Data excerpts:
+--
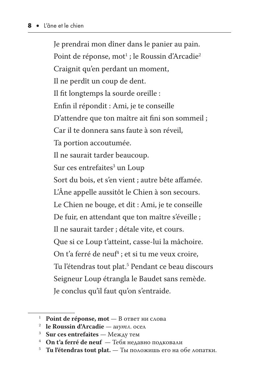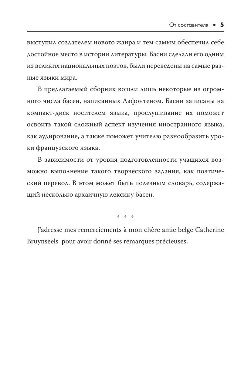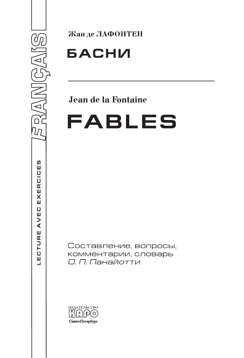 Книга представляет собой сборник басен Жана де Лафонтена с комментариями, вопросами и словарем. Книга может быть использована как на уроках французского языка в школах, так и на факультативных занятиях, а также на различных курсах иностранных языков.
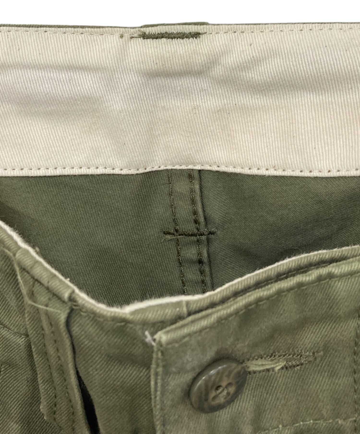 • E.TAUTZ(イートーツ)E.TAUTZ (イートーツ) ワイドチノパン 96-04-84-04027 カーキ サイズ:30の古着・服飾アイテム ウエスト汚れ(全体的)
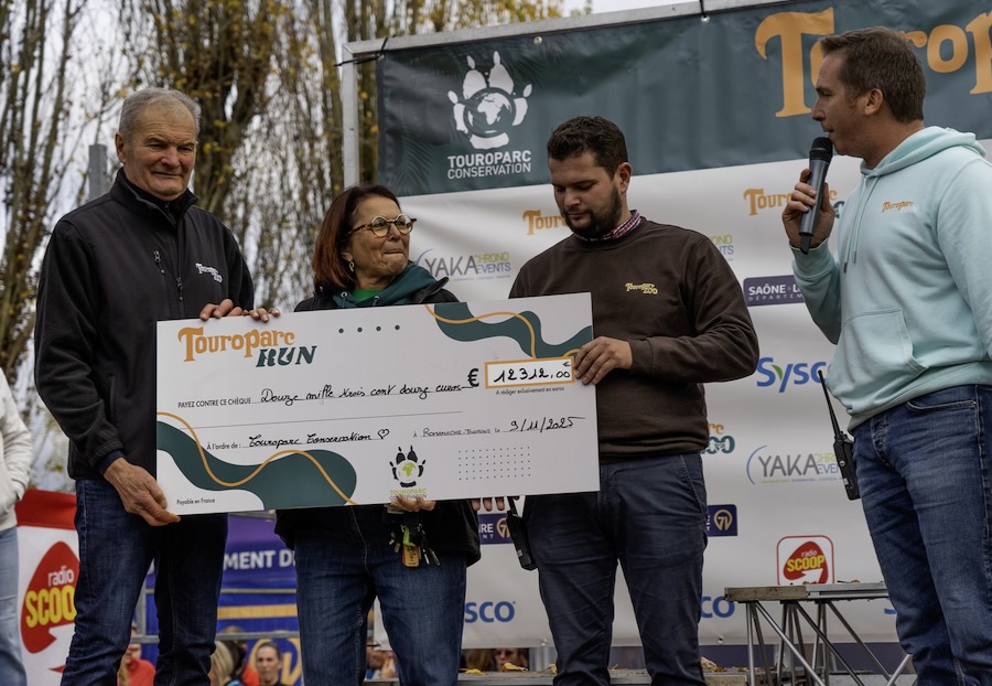 C’est donc un chèque de 12 312,00 € qui a été remis par l’organisation du Touroparc Run, au fond de dotation Touroparc Conservation.
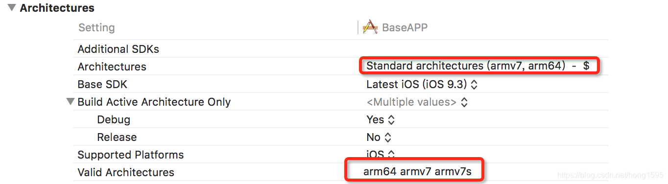 1.Build Setting->Architectures查看是否包含arm64指令集
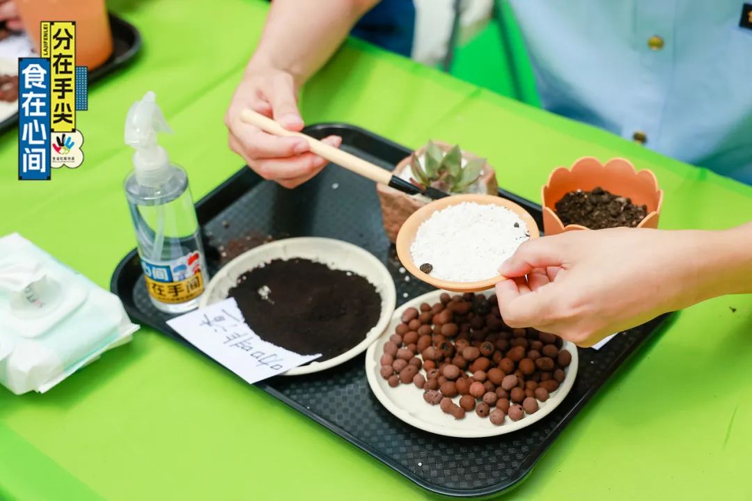 整個主題活動分為主題宣傳攤位區(qū)、堆肥知識展示區(qū)、咖啡渣香囊體驗區(qū)、環(huán)保酵素制作體驗課程、咖啡渣繪畫藝術(shù)課程。隨著以咖啡渣作為養(yǎng)料的混合土壤放入花盆中,完成充“植”儀式,活動正式拉開帷幕。
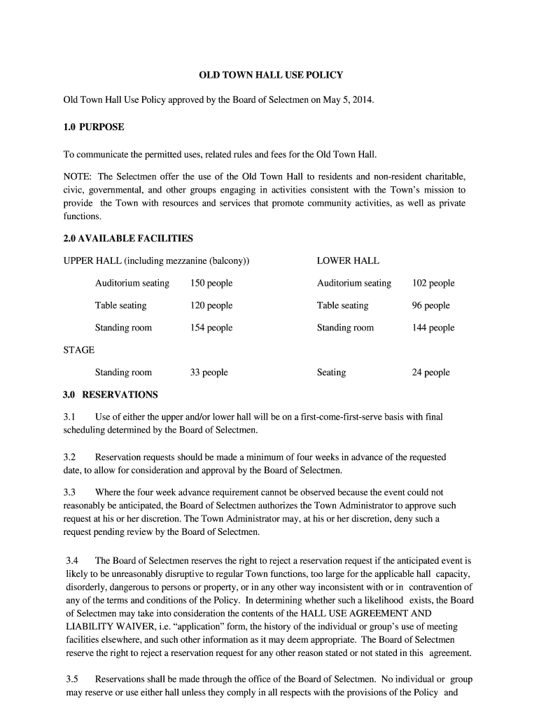 Old Town Hall Use Policy approved by the Board of Selectmen on May 5, 2014.
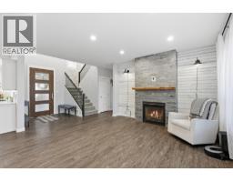 Welcome to this modern 3-bedroom, 3-bathroom home offering a flexible layout and comfortable main-floor living. Upon entry, you are greeted by a spacious open-concept living area featuring a gas fireplace. The bright kitchen showcases stone countertops, modern finishes, and a large island with an eat-in bar. Just off the kitchen is a dedicated dining area, ideal for more formal meals. Adjacent to the kitchen is a functional laundry room with built-in storage and a utility sink, with convenient access to the attached double garage. The main level boasts a spacious primary bedroom with a large walk-in closet and a 4-piece ensuite, along with a convenient half bath for guests. Upstairs, you’ll find two additional bedrooms, a full 4-piece bathroom, and a cozy nook, perfect for a home office or reading area. Enjoy outdoor living on the backyard porch, with a fully fenced yard ideal for pets or play, plus the added bonus of a clean, well-maintained crawl space providing extra storage. (id:26472)
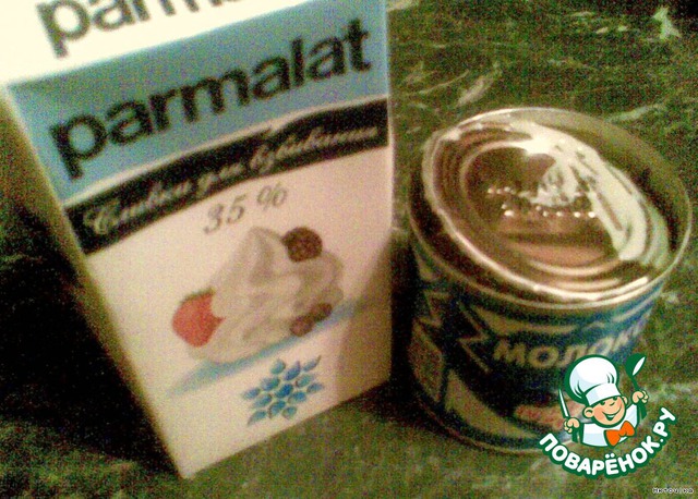 А в это время .. берём сливки (давно купила, не знала, куда употребить)) .. и сгущённое молоко ...
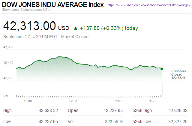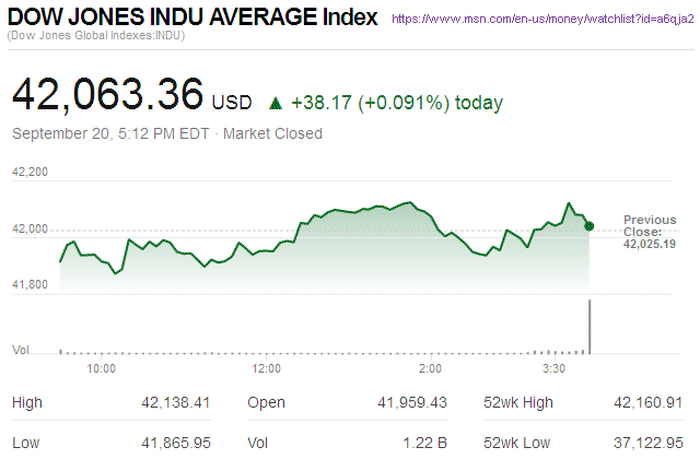 On a market day of variable movements, major stock indices closed with small to moderate mixed amounts. The Dow Jones Industrial Average (DJIA) was up 0.33% to 42,313.00, a record high close (the first close over 42,300), with a record intraday high of 42,628.32 (the first high over 42,300, 42,400, 42,500 and 42,600); while the Standard & Poor’s 500 stock index was down 0.13% to 5,738.17. The NASDAQ Composite index was down 0.39% to 18,119.59. ![]() |
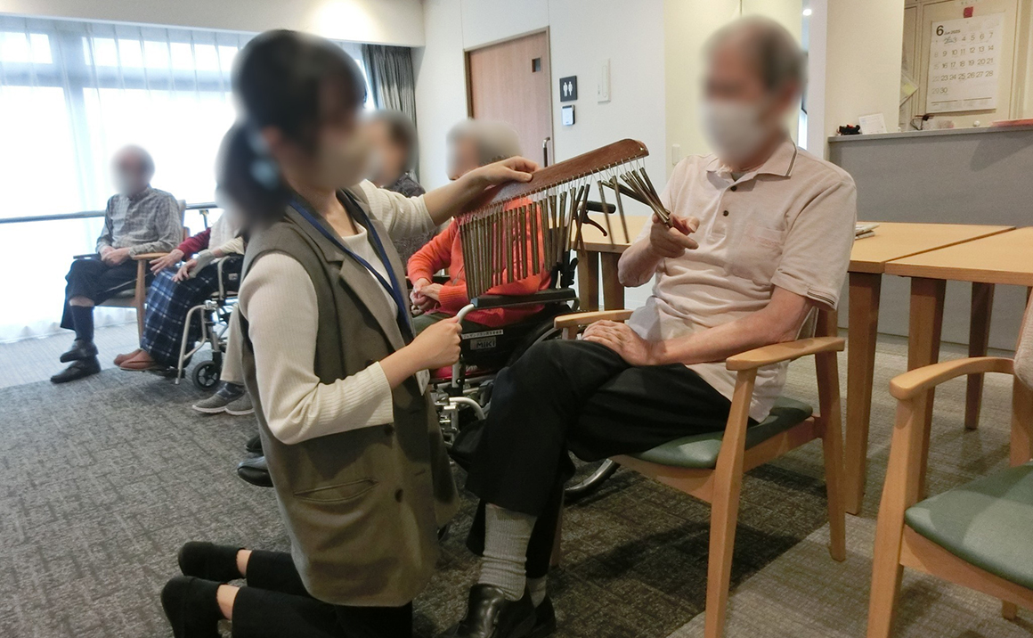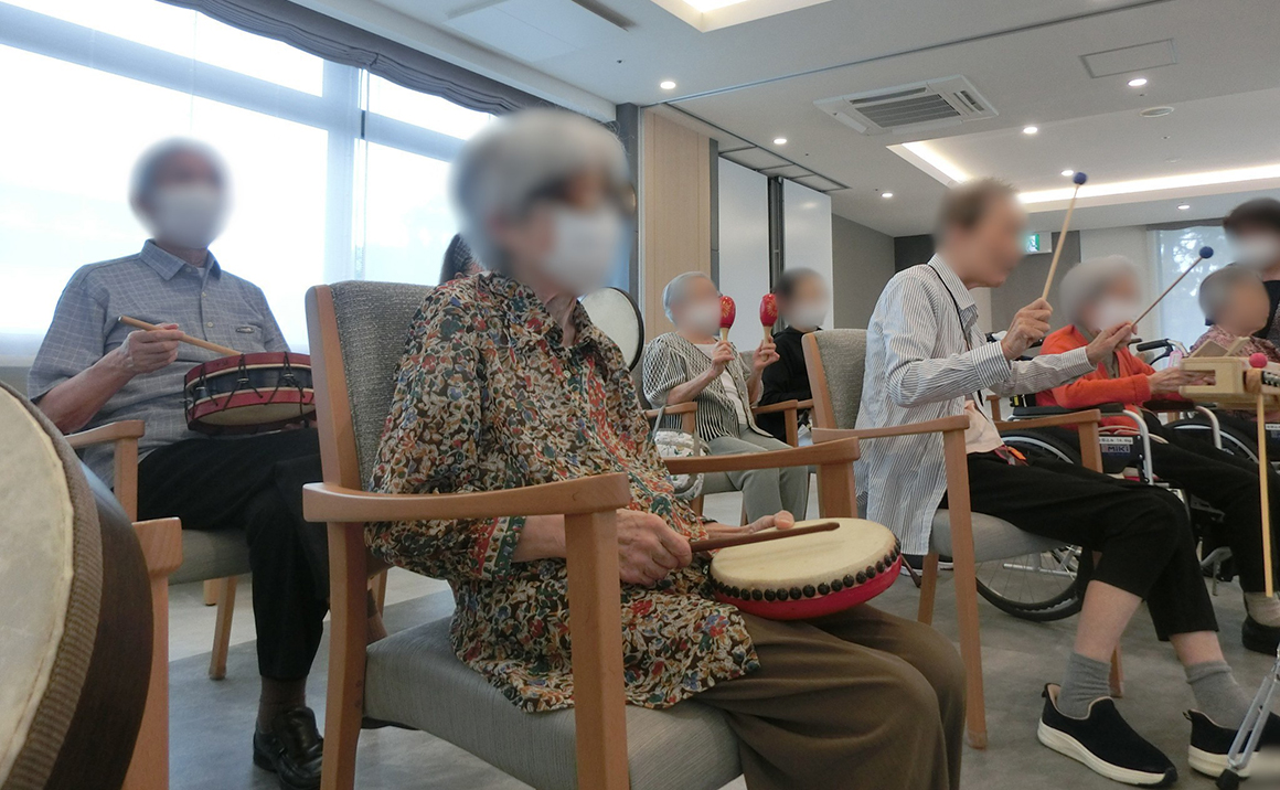 学生様やボランティア団体様によるイベントに加え、週に一度、音楽療法士が施設にて音楽療法を実施しています。
+--
◆ **Your instructions**
From the opening line of the entries above to the line containing "カーキ サイズ:30の古着・服飾アイテム ウエスト汚れ(全体的)", please transcribe each line exactly, skipping every picture.

◆ **Output**
 Книга представляет собой сборник басен Жана де Лафонтена с комментариями, вопросами и словарем. Книга может быть использована как на уроках французского языка в школах, так и на факультативных занятиях, а также на различных курсах иностранных языков.
 • E.TAUTZ(イートーツ)E.TAUTZ (イートーツ) ワイドチノパン 96-04-84-04027 カーキ サイズ:30の古着・服飾アイテム ウエスト汚れ(全体的)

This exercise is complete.